### Exercise data
_ _ _
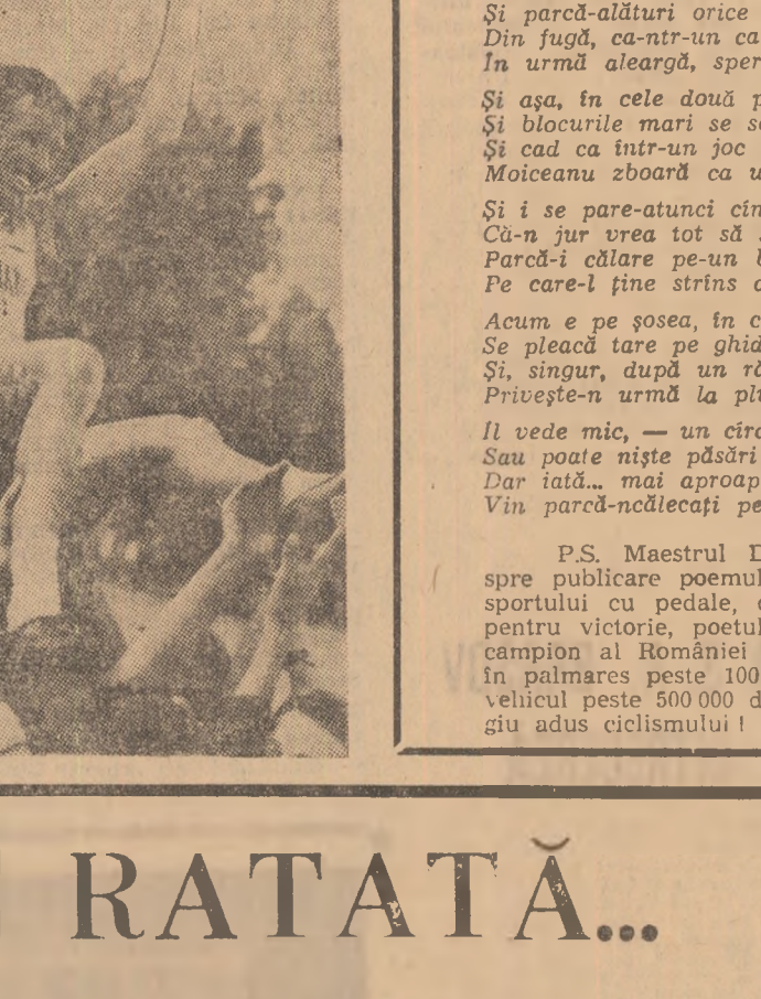
Un moment din concursul mondial pentru titlul de campion mondial al ciclismului în categoria masculini, realizat de Jacques Anquetil în 1957.

prunat, avem convingerea că Jacques Anquetil nu va putea sta departe de sportul pe care l-a iubit cu adevărat... SI CICLISMUL POLONEZ A SĂRBĂTORIT ANUL TRECUT 100 DE ANI DE LA PRIMĂ ÎNTRECERE CICLISTĂ ORGANIZATĂ PE MELEGURILE POLONIEI.
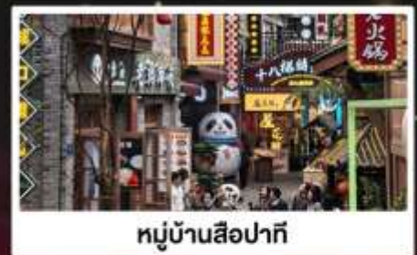
หมู่บ้านสีปาที้
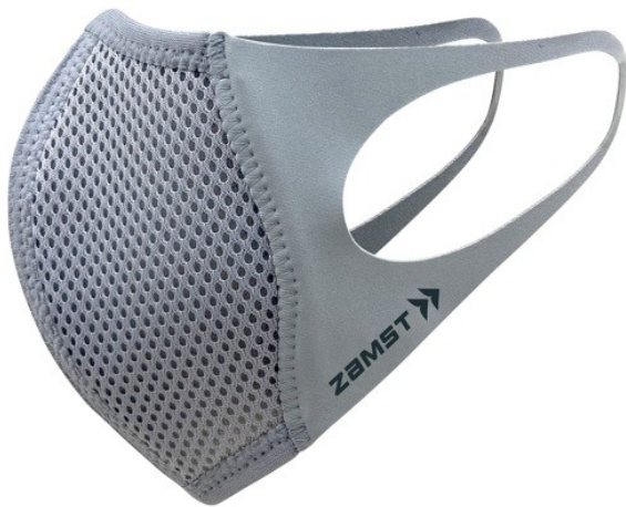
新色 ライトグレー
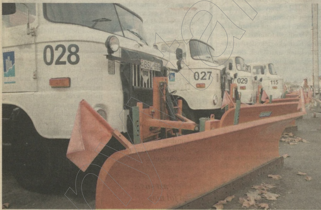
A Városgazda sori telepen már felsorakoztak a hóékék

Kegyes volt eddig az időjárás: sem nagy hideg, sem hóesés nem nehezítette a közlekedést Szegeden. Am a télnek még koránt sincs vége, sok meglepetést tartogathatnak a hideg napok. Szerencsére a város útjaiért felelős Szegedi Környezetgazdálkodási Nonprofit Kft. az idén is időben felkészült a télre: a Városgazda sori központi telepen harminc kisebb-nagyobb gép várja, hogy lehulljon az első hó.
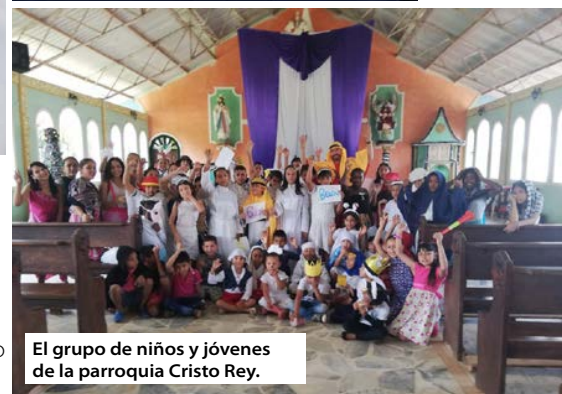
El grupo de niños y jóvenes de la parroquia Cristo Rey.
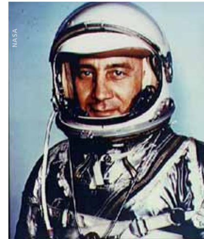
Virgil Grissom vor der Mission Mercury Redstone 3 „Liberty Bell“.

te Helikopter und Grissom war nun mitten in den beiden Abwindzonen und konnte weder auf die eine noch auf die andere Seite schwimmen. Der Astronaut war in der Zwischenzeit schon völlig erschöpft, nahm aber noch einmal alle Kräfte zusammen und schwamm gegen die Winddrift des ersten Helikopters eine Strecke von etwa 30 Metern auf den zweiten Helikopter mit dem Rettungskragen zu. Dann erreichte er den Horse-Collar. Er zog sich mit letzter Kraft hinein, rückwärts statt vorwärts, und die Winch zog ihn nach oben. Als er
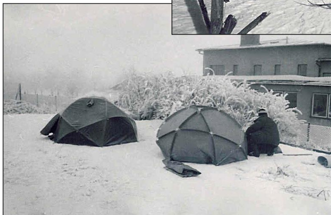
Zimní táboření Rokytno
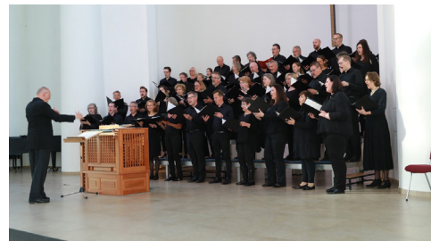
reger chor köln

Der reger chor köln widmet sich dem Vortrag geistlicher Werke vom Frühbarock bis in die Gegenwart. Der allseits anerkannte Chor zählt heute zu den renommierten Klangkörpern in NRW und ist regelmäßig in der Trinitatiskirche zu Gast.
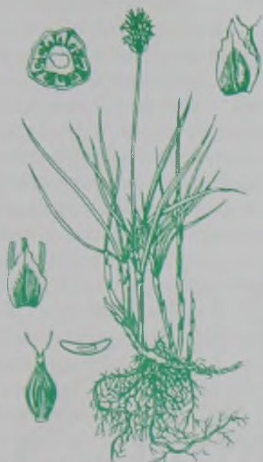
Рис. 117. Осока толстолобиковая – толық қияқелең.
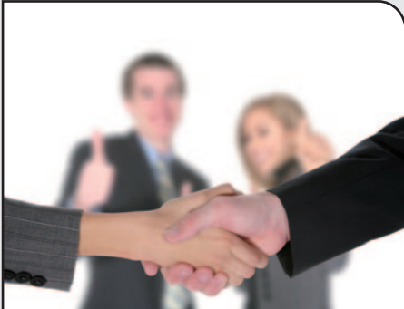
De meerderheid gooidde het op een akkoordje met Vlaams Belang voor een extra OCMW-raadslid.

De gemeenteraad van januari had enkele verrassingen in petto. Zo gooidde de meerderheid het op een akkoordje met Vlaams Belang om een OCMW-raadslid meer te krijgen dan waar men recht op had. Hierdoor heeft de N-VA een raadslid minder in het OCMW, maar kunnen we onze kiezers wel recht in de ogen blijven kijken. Voor de politieraad had CD&V een rekenfout gemaakt waardoor onze kandidaat wel verkozen is.
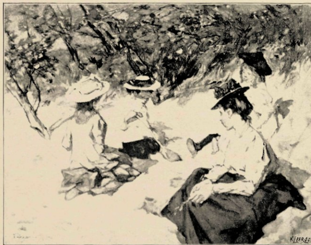
KINDEREN IN HET DUIN

Op deze wijze alleen kunnen wij — indien niet alle dingen slechts eenmaal bloeien — misschien weer veroveren de geweldige levendmakende kracht die er eenmaal uitging van de Hollandsche schilderschool der zeventiende eeuw. Geen zoekers maar ernstige mannen hebben wij noodig die ieder in zijn eigen kunnen, binnen de perken van zijn eigen vermogens gestadig streven die vermogens
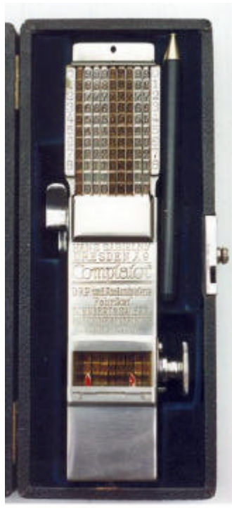
afb. 1 – 9 rijen

De cijfers aan de rand van de machine zijn de zogenaamde complementaire cijfers. Deze worden gebruikt om af te trekken.
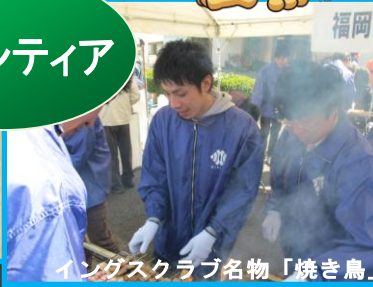
イングスクラブ名物「焼き鳥」
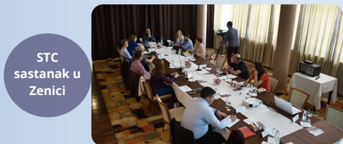
STC sastanak u Zenici

Do kraja trajanja projekata ukupno će biti organizirana četiri sastanka Upravljačkog odbora. Do sada su sastanci održani u Zenici i Ljubuškome (Bosna i Hercegovina), dok će sljedeći biti organizirani u Podgorici i Metkoviću.
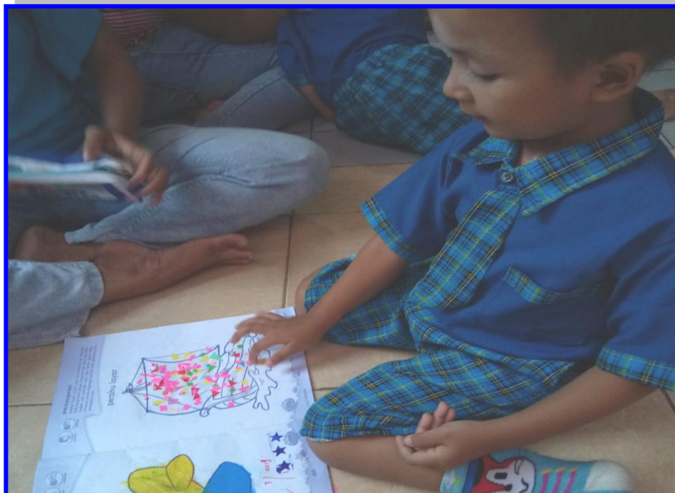
Gambar 8. Anak usia 2-3 tahun melakukan kegiatan perkembangan motorik halus koordinasi mata dengan tangan di PPT Permata Surabaya
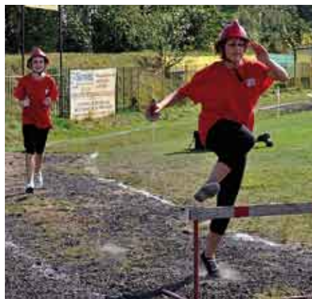
Sztafeta pożarnicza 7x50 m z przeszkodami, zawodniczka MDP ze Zrębina.
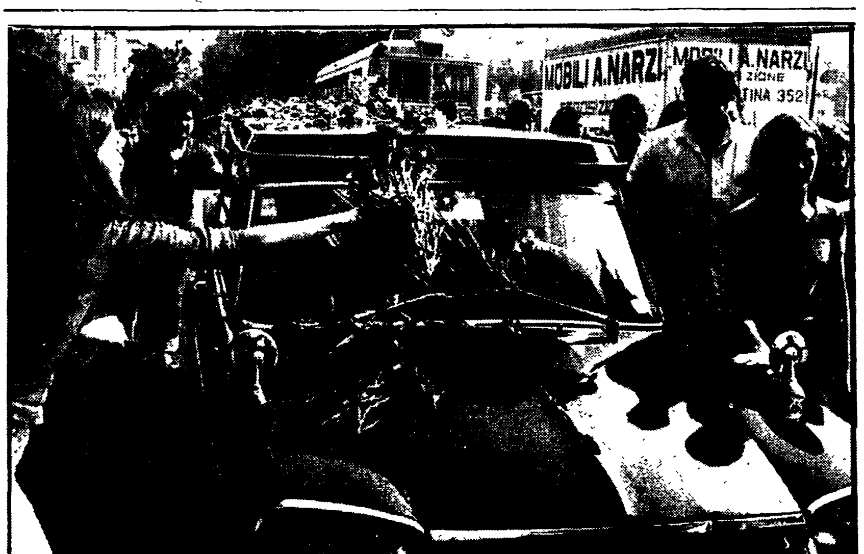
Un momento dei funerali di Fabrizio Ceruso

Continuano a ritmo serrato gli incontri per assicurare l'urgente reperimento dei 500 alloggi richiesti dal movimento democratico - Già a disposizione un primo blocco di 130 appartamenti - Ieri riunione della commissione capitolina per l'edilizia popolare - Presa di posizione del SUNIA
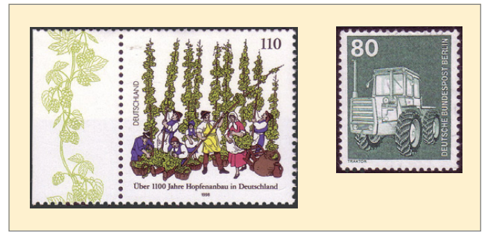
v.l.: Abb. 25 und 26

Den 100. Todestag des Gründers der Genossenschaftsbewegung in Deutschland und Sozialreformers Friedrich Wilhelm Raiffeisen würdigte die Bundespost 1988 mit einer Sondermarke, auf der sein Porträt vor einem bestellten Feld abgebildet ist. Bereits in der Wohlfahrtsserie von 1958 (Abb. 23), die sowohl in der Bundesrepublik als auch im Saarland, allerdings in Franc-Währung, erschien, ist eine Marke mit dem Raiffeisen-Porträt enthalten. Die übrigen Werte dieser Serie sind den bäuerlichen Berufen gewidmet und zeigen eine Sennerin, eine Winzerin und einen Bauern mit einer Heugabel.
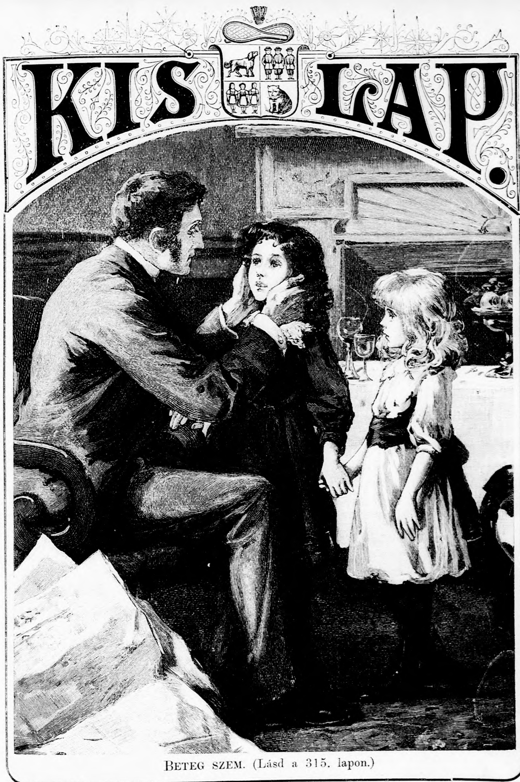
BETEG SZEM. (Lásd a 315. lapon.)
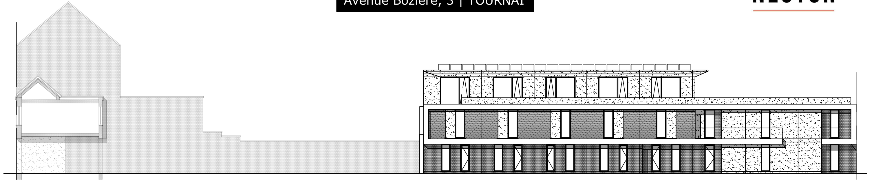
Elévation façade intérieure Sud-Est
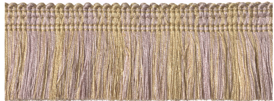
Frange mousse - Moss fringe - 33214 + col
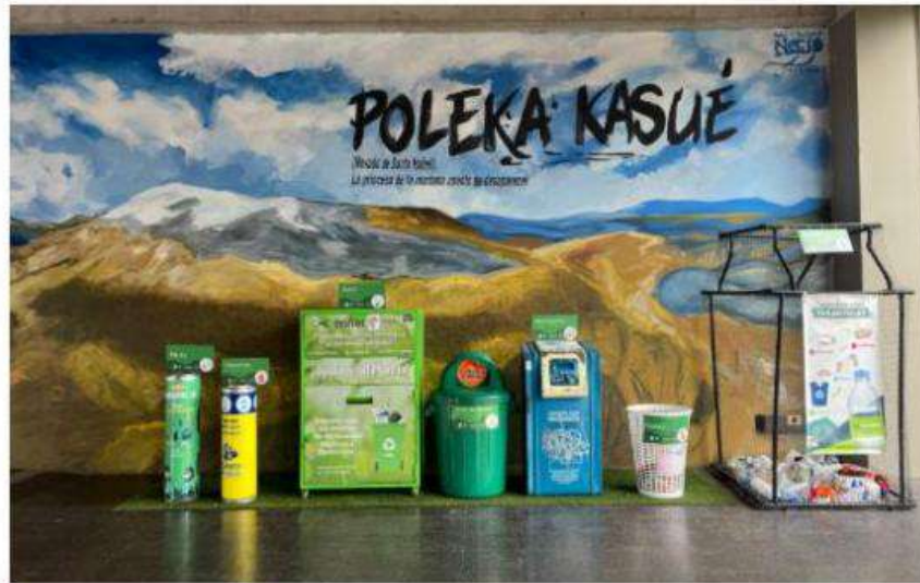
Hall Central de la Universidad de Caldas.
_ _ _
Count every line in the listing above where the string "zijn" occurs, and report the count and nothing more.

2